### DATA RECORDS ###
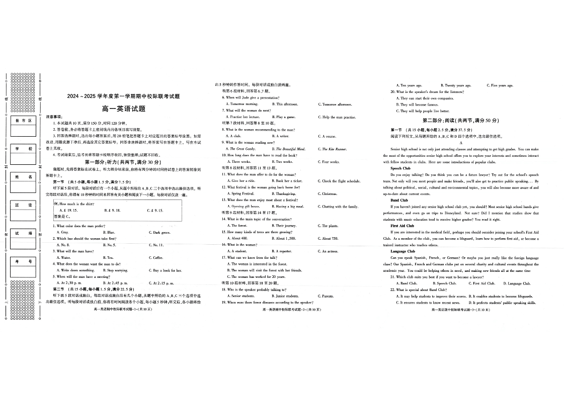 陕西省汉中市2024-2025学年高一上学期11月期中联考 英语
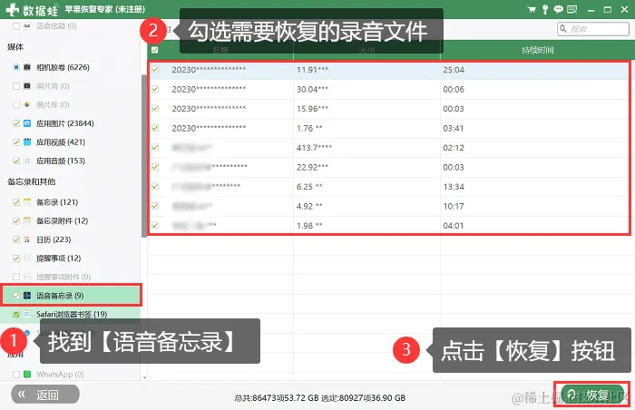 步骤3:待数据全部被扫描出来后,点击左侧目录中的【语音备忘录】选项,可以看到列表中解析出来的录音文件。紧接着勾选好想要恢复的录音,最后点击【恢复】选项将所勾选的录音恢复到电脑当中。
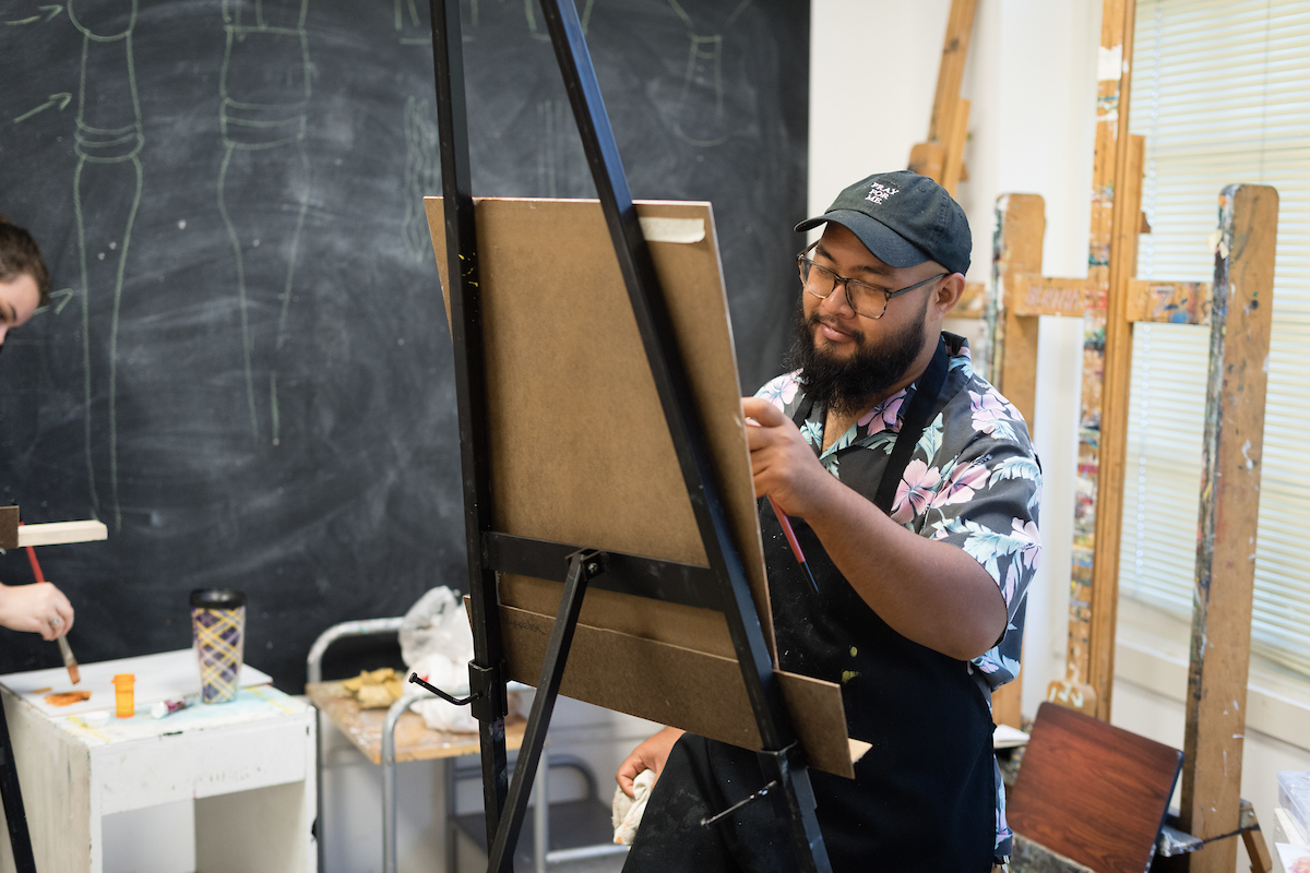 The Bachelor of Fine Arts concentration in painting is designed to prepare the student to become a fine artist. The integration of studio and lecture courses in the curriculum as well as activities and enrichment opportunities encourages the skills and concepts essential to the student’s growth as an artist. A broad spectrum of methods, ideas and conceptual problems, including still life, landscape and figurative studies, gives students experience with a variety of subjects. Students broaden their visual repertory and develop their skills through the study of color, space, shape, form, texture, surface and the physicality of paint. Advanced courses and the development of the student artist’s personal aesthetic allow the student to create an individual visual “language.”
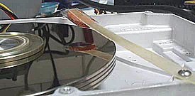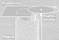 Eine drehbar gelagerte Kupferscheibe vor einem mit Wechselstrom betriebenen Elektromagneten wird abgestoßen, dreht sich aber nicht. Wird ein Kupferblech dazwischen geschoben, beginnt die Scheibe zu rotieren. Das magnetische Wechselfeld erzeugt im Blech und in der Scheibe einen Strom, dessen Magnetfeld dem des Magneten entgegengesetzt ist. Im nicht abgeschirmten Bereich der Scheibe entsteht zum Kupferblech eine Anziehung: die Scheibe rotiert. |
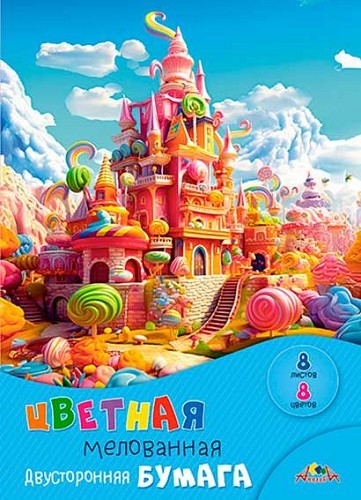 Бумага цв. двухстор. мелов. А4 8л. 8цв. АППЛИКА "Карамельный замок" С2281-17
###
Without the pictures, return the records above exactly as written.

== REPLY TO THE EXERCISE ==
 陕西省汉中市2024-2025学年高一上学期11月期中联考 英语
 步骤3:待数据全部被扫描出来后,点击左侧目录中的【语音备忘录】选项,可以看到列表中解析出来的录音文件。紧接着勾选好想要恢复的录音,最后点击【恢复】选项将所勾选的录音恢复到电脑当中。
 The Bachelor of Fine Arts concentration in painting is designed to prepare the student to become a fine artist. The integration of studio and lecture courses in the curriculum as well as activities and enrichment opportunities encourages the skills and concepts essential to the student’s growth as an artist. A broad spectrum of methods, ideas and conceptual problems, including still life, landscape and figurative studies, gives students experience with a variety of subjects. Students broaden their visual repertory and develop their skills through the study of color, space, shape, form, texture, surface and the physicality of paint. Advanced courses and the development of the student artist’s personal aesthetic allow the student to create an individual visual “language.”
 Eine drehbar gelagerte Kupferscheibe vor einem mit Wechselstrom betriebenen Elektromagneten wird abgestoßen, dreht sich aber nicht. Wird ein Kupferblech dazwischen geschoben, beginnt die Scheibe zu rotieren. Das magnetische Wechselfeld erzeugt im Blech und in der Scheibe einen Strom, dessen Magnetfeld dem des Magneten entgegengesetzt ist. Im nicht abgeschirmten Bereich der Scheibe entsteht zum Kupferblech eine Anziehung: die Scheibe rotiert. |
 Бумага цв. двухстор. мелов. А4 8л. 8цв. АППЛИКА "Карамельный замок" С2281-17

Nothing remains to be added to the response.